Posted by: MAJeff, OM | April 26, 2008 4:58 PM

#39

@#38 MAJeff --

this is where the idea of the list as "pretentious" comes in. It's assumed those book sit on the shelf, unread, as signifiers of taste. Not that they haven't been read because someone didn't get around to it, but that they're for show in the first place.

But then isn't is really saying that the people who list them are pretentious -- not the books themselves? I think the distinction between something being pretentious in and of itself and a person using something to pretentious ends often gets lost, and that's unfortunate.

Posted by: Etha Williams | April 26, 2008 5:01 PM

#40

Anybody who thinks the Bible isn't pretentious hasn't read it.

Posted by: Hoosier X | April 26, 2008 5:06 PM

#41

@1: Dune? Well-written? You must not have actually read the dreck, then.

My list of overrated schlock certainly includes Dick, Herbert, Heinlein, Asimov, Lovecraft, and the like.

There's this culture of unexamined idol-worship around them, and most of their appeal is the accumulated respect of age.

Posted by: Stogoe | April 26, 2008 5:13 PM

#42

Eats, Shoots, and Leaves is pretentious?? You've got to be kidding me. But, I guess the nice thing about books is that people have their own tastes about them. I read Love in the Time of Cholera and hated it all. I got to the end and though "Florentino's a creepy idiot, and Fermina's not worth it." Bah. But Poisonwood Bible is quite possibly my favorite book ever. I wouldn't call either one pretentious, though.

Posted by: Carlie | April 26, 2008 5:14 PM

#43

...[hit post too soon]

Or the people who read them pretentious, either. The most pretentious one I can think of, where the book, author, and people who reveled in having read it all seem pretentious to me, isn't on the list. (House of Leaves. Sorry if you liked it and aren't pretentious.)

Posted by: Carlie | April 26, 2008 5:17 PM

#44

I'm disappointed. I think we need to maintain higher standards for aspiring pretentious intellectuals.

They should be reading The Sheltering Sky, Invitation to a Beheading, The Bell Jar, Discipline and Punish, As I Lay Dying, The Tale of Genji, The Trial, À la recherche du temps perdu (for added pretentiousness points, give the title in French), The Tin Drum, Death in Venice, Billiards at Half Past Nine, The Leopard, The Delta of Venus, etc.

If we don't uphold the highest standards of pretentiousness, then what use is being pretentious?

Posted by: Nullifidian | April 26, 2008 5:19 PM

#45

The suggestion that books by Rand are pretentious is totally ridiculous. A "pretentious" book is one that somebody carries around to impress literary types. But literary types hate Rand, and anybody trying to impress them would be trying in vain. There was even a piece in the NYT a few weeks ago about this.

Of course, there are some of us who think that the literary types are missing out.
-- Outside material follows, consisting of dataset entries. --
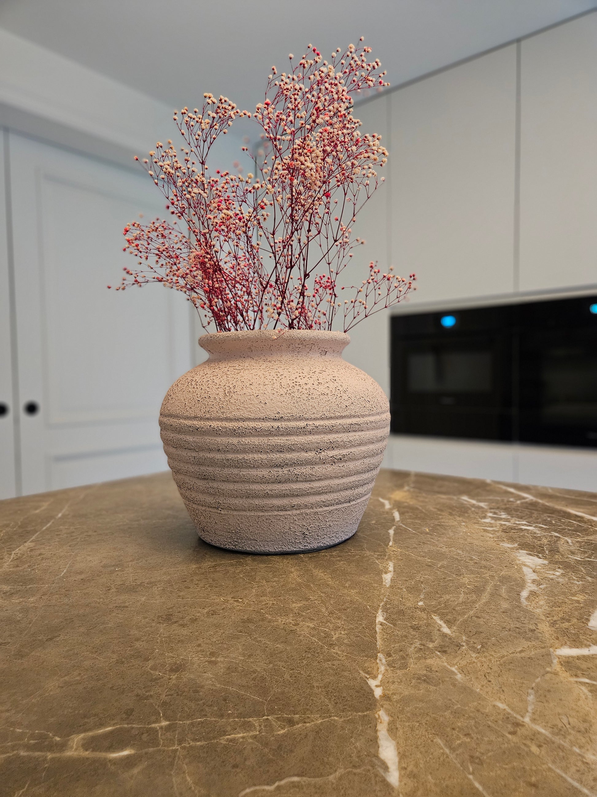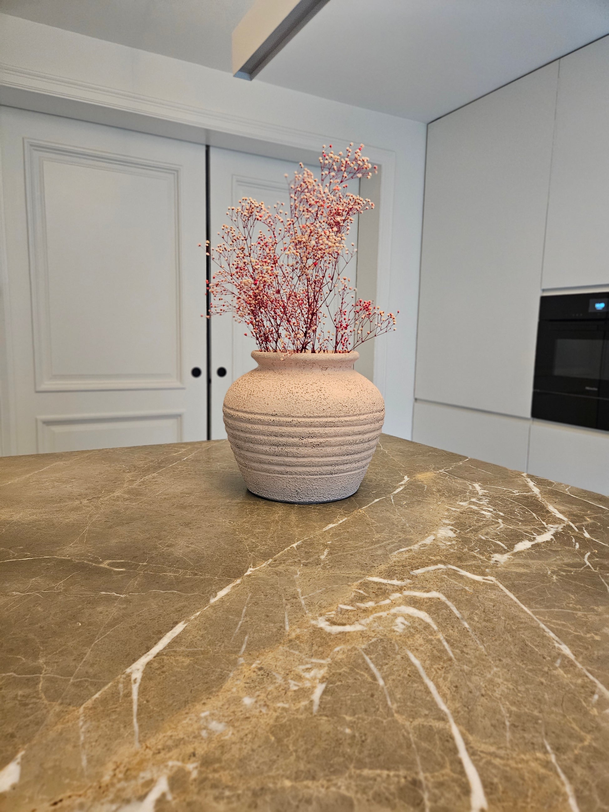 Use it as a decorative piece or combine it with dried flowers for a rustic feel. For fresh blooms, simply place a glass jar or cut plastic bottle inside. Available in two sizes — the smaller, fuller Elisa version and the taller, more slender Luisa design — and three calming tones: Rosa, Crema, and Eucalipto.
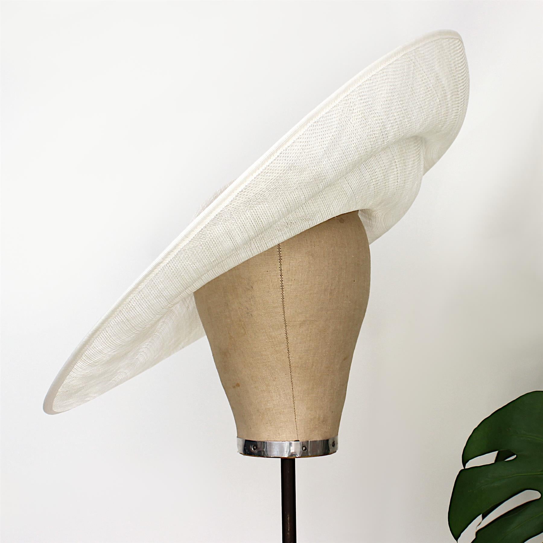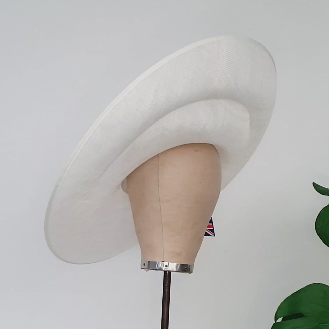 British made premium 3 layer sinamay side sweep with indented brim half way and a smooth rounded crown, wired and turned brim edges, ideal for many fascinators, millinery and hat trims. You will need to add your own headband, comb, clip or elastic to make this fit. Please note these items are bespoke made and are not returnable.
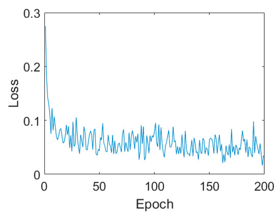 In this experiment, we selected only 446 labeled samples; in other words, only 149 pixels were taken as the training samples for each class. The training sample ratio was only 0.18%, which is quite a low ratio. For the first CV-CNN experiment, on Oberpfaffenhofen dataset, the hyperparameters were set as follows. The learning rate was 0.8, and the batch size was 10 with 200 epochs. The loss curves are shown in Figure 8. With the increasing of epoch, the loss fluctuated, but the tendency decreased.

We like our Rand as a personal private pleasure, and we don't care what other people think about it. Some of us who are in academia even have to keep our admiration on the down low.
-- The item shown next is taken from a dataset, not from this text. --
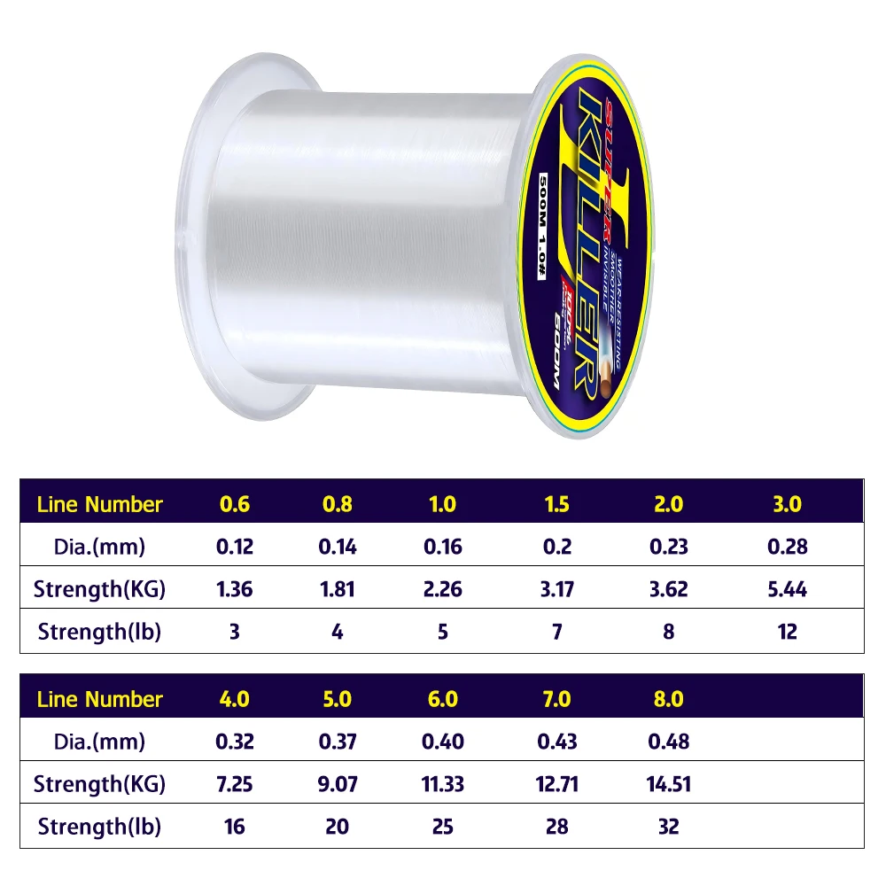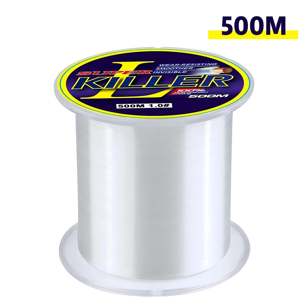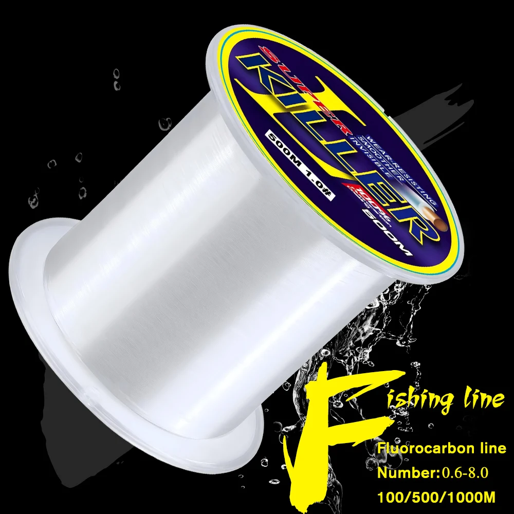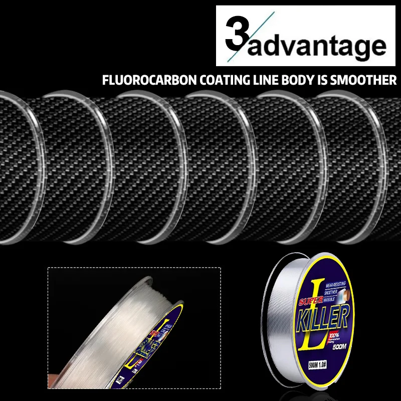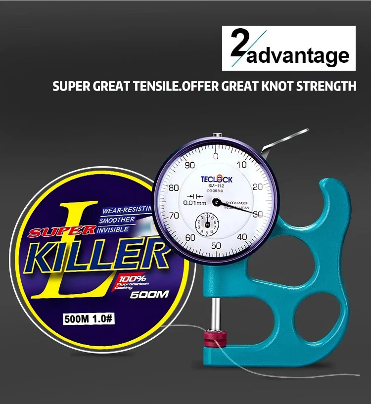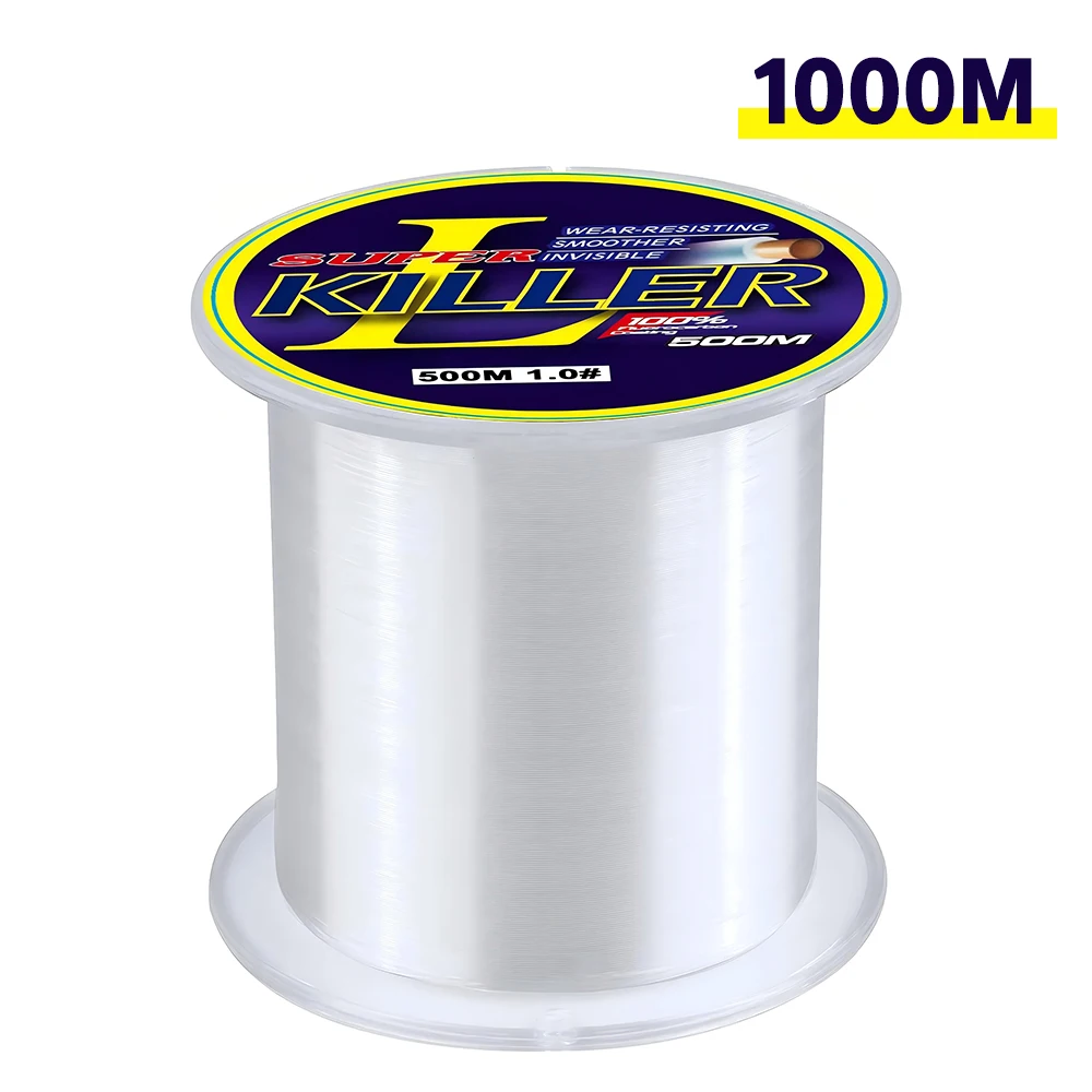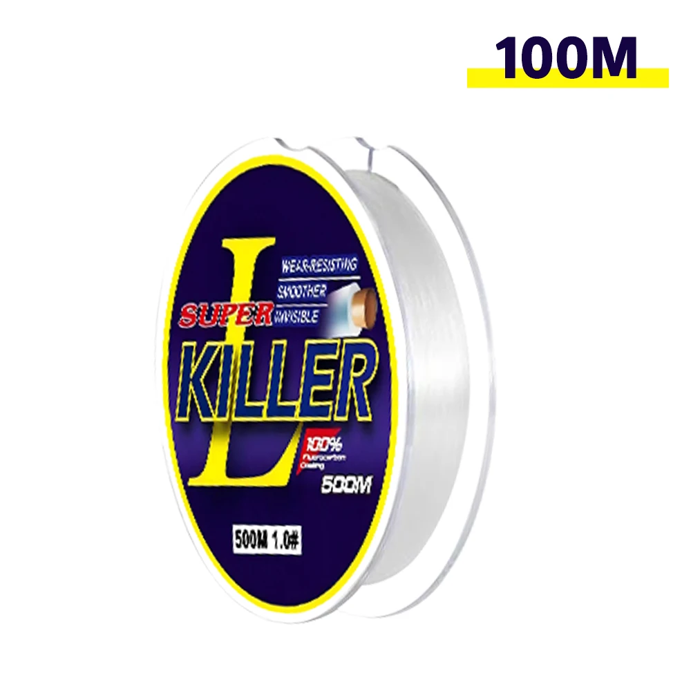 Línea híbrida: KILLER construido con un revestimiento exterior de fluorocarbono 100% con núcleo de copolímero, el revestimiento de fluorocarbono produce una excelente resistencia a los golpes, resistencia a la abrasión y resistencia al nudo para ofrecer lo último en resistencia al impacto, y el núcleo de copolímero añade flexibilidad, fuerza de nudo y memoria reducida

So, I think one of your assumptions is wrong. I'm just not sure which.

Posted by: NS | April 26, 2008 5:25 PM

#46

I can think of few things more pretentious than the making of such a list.
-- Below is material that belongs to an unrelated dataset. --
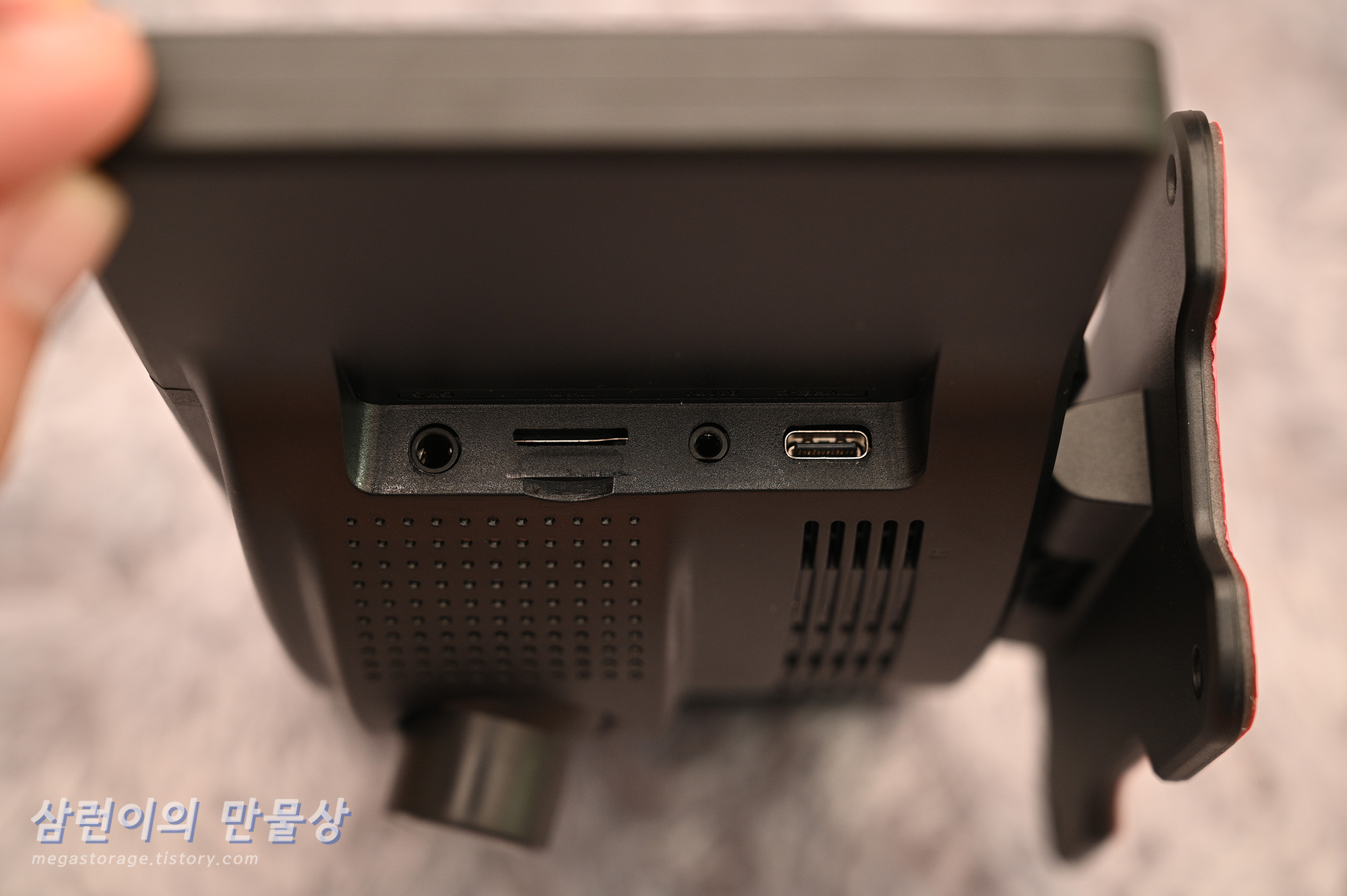 좌측부터 AUX, micro SD 카드 슬롯, GPS 및 전원 단자입니다.

Posted by: Rob G | April 26, 2008 5:28 PM

#47

@#45 NS --

The suggestion that books by Rand are pretentious is totally ridiculous. A "pretentious" book is one that somebody carries around to impress literary types.

This is I think the crux of the problem. The term "pretentious book" should logically refer to a book that "attempts to impress by affecting greater importance or merit than is actually possessed; makes an exaggerated outward display; [is] ostentatious, showy." In this sense, many would regard Rand as being pretentious and would argue that her books affect greater importance or merit than they in fact possess.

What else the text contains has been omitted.